Сердце у ворона билось.

– Птичка моя хорошая, – выдыхая, прошептала я.

Наверное, надо его поднять, подумала я, но вдруг у него что-то сломано и я сейчас сделаю только хуже.

– Очнись, пожалуйста, – попросила я, поглаживая его по груди.

Ворон зашевелился.

– А? Что? – пробормотал он, открывая глаза.

– Тебя не тошнит? – затараторила я, не скрывая облегчения. – Тебе нигде не больно?

– Подожди, не части, – проворчал пернатый и медленно поднялся на ноги.

Ворона качнуло, я перехватила его, а потом взяла на руки и поднялась.

– Ничего не болит? – настойчиво повторила я.

– Вроде нет, – ответил он, прижимаясь ко мне.

– Давай-ка мы пойдем в ветеринарку. – Я устремилась к корпусу. – Не хочу, чтобы тебя потом накрыло.

– Накрыло… – бормотал ворон, пока я шла. – Вот когда нас в Афгане атакой ковров-самолетов накрыло, я думал, поседею, если жив останусь.

Я посмотрела на него с изумлением: похоже, сотрясло-таки моей птичке головушку. Потом, правда, осознала, что, если он фамильяр ректора, а тот был военным, Афганскую кампанию они могли пройти вдвоем.

– Сколько же тебе лет? – особо не надеясь на ответ, вздохнула я.

Афганская война началась до моего рождения, а закончилась перед развалом Союза. У ректора (и ворона) было достаточно времени, чтобы принять в ней участие, но в любом случае это происходило довольно давно.

– Сколько есть, все мои, – нахохлился пернатый.

В ветеринарке пришлось сказать, что ворон полез в драку с собакой. В целом я не соврала, просто не сообщила, что собака была магическая.

– Все в полном порядке, – уверил юноша, который сегодня был на дежурстве. – Сотрясения нет. Разве что немного перьев потерял, но это не критично. Пусть побудет пару дней в покое, и давайте ему больше воды.

– Что это было? – спросила я, когда мы вернулись в жилую ячейку и я устроила ворона на кровати.

– Адские гончие, – ответил он, кажется, поняв, что спорить со мной сейчас бесполезно.

– Ну? – Я уставилась на него. – Я жду подробностей. Что это за гончие? Чего им было надо?

– Когда я что-то говорю, делать нужно четко так, как я это говорю. – Ворон все же соскочил с темы. – Приказы не обсуждаются. Нарушение приказа может привести к гибели всех участников операции, а не только нарушителя.

– Тебе Афганская кампания в голову ударила? – фыркнула я. – Ты не на войне.

– Я на войне, – огрызнулся он и резко замолчал.

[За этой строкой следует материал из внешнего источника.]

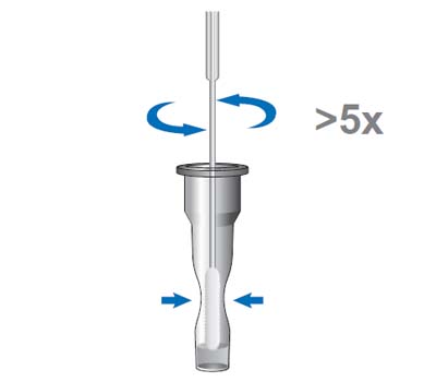 2. Inserire il bastoncino in una provetta contenente iltampone di estrazione. Strizzare la provetta contenenteil tampone di estrazione e, contemporaneamente,ruotare il bastoncino più di 5 volte.

– Ага, – угрожающе протянула я. – Мой фамильяр на войне. В таком случае тебе придется посвятить меня в детали этой войны. Иначе я просто не смогу быть твоим союзником.

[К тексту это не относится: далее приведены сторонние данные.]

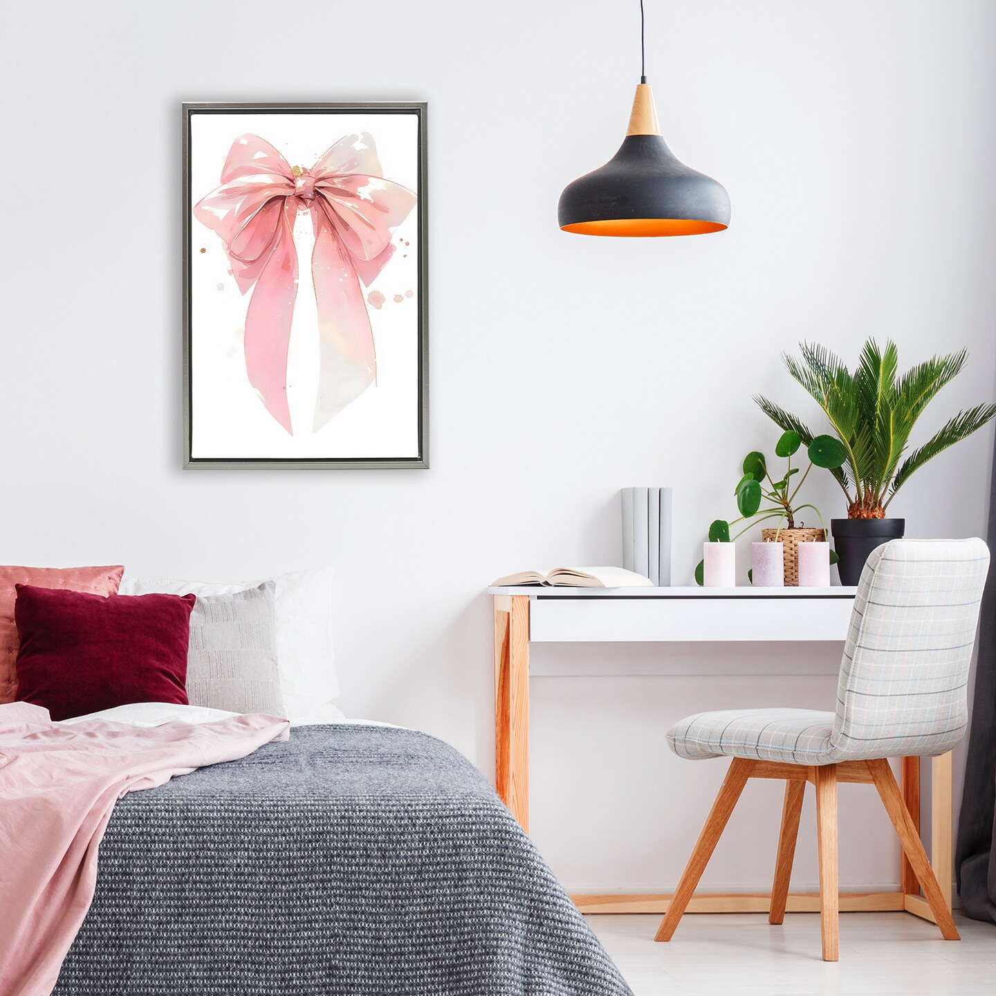 Stupell Industries Modern Elegant Pink Bow Black Framed Floater Canvas Wall Art, design by Creative Studio

– О, ты умеешь в большую политику. – Ворон устроился поудобнее. – Принеси воды. Ты слышала, мне доктор велел больше пить.

– Я еще и в шантаж умею, – сообщила ему я. – Никакой воды, пока не расскажешь хотя бы про гончих.

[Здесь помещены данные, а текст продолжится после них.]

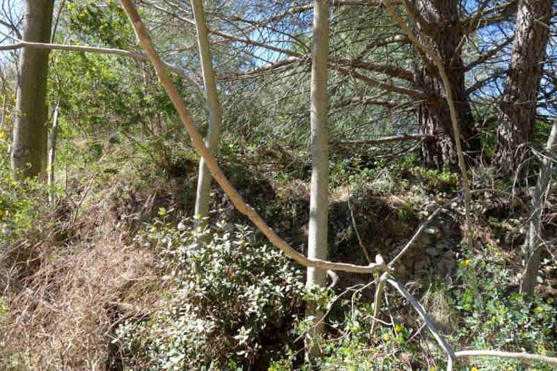 en remblai pour sauter un valat anonyme dont le lit discret marque la limite entre les

– Это уже пытки, а мы, напомню, союзники.

– Еще скажи, что пытки запрещены Женевской конвенцией.

– Воды, – страдальчески протянул пернатый и закатил глаза.

– Когда у нас закончатся деньги, – усмехнулась я, – сдам тебя в аренду киношникам. Будешь играть сам себя в предложенных обстоятельствах.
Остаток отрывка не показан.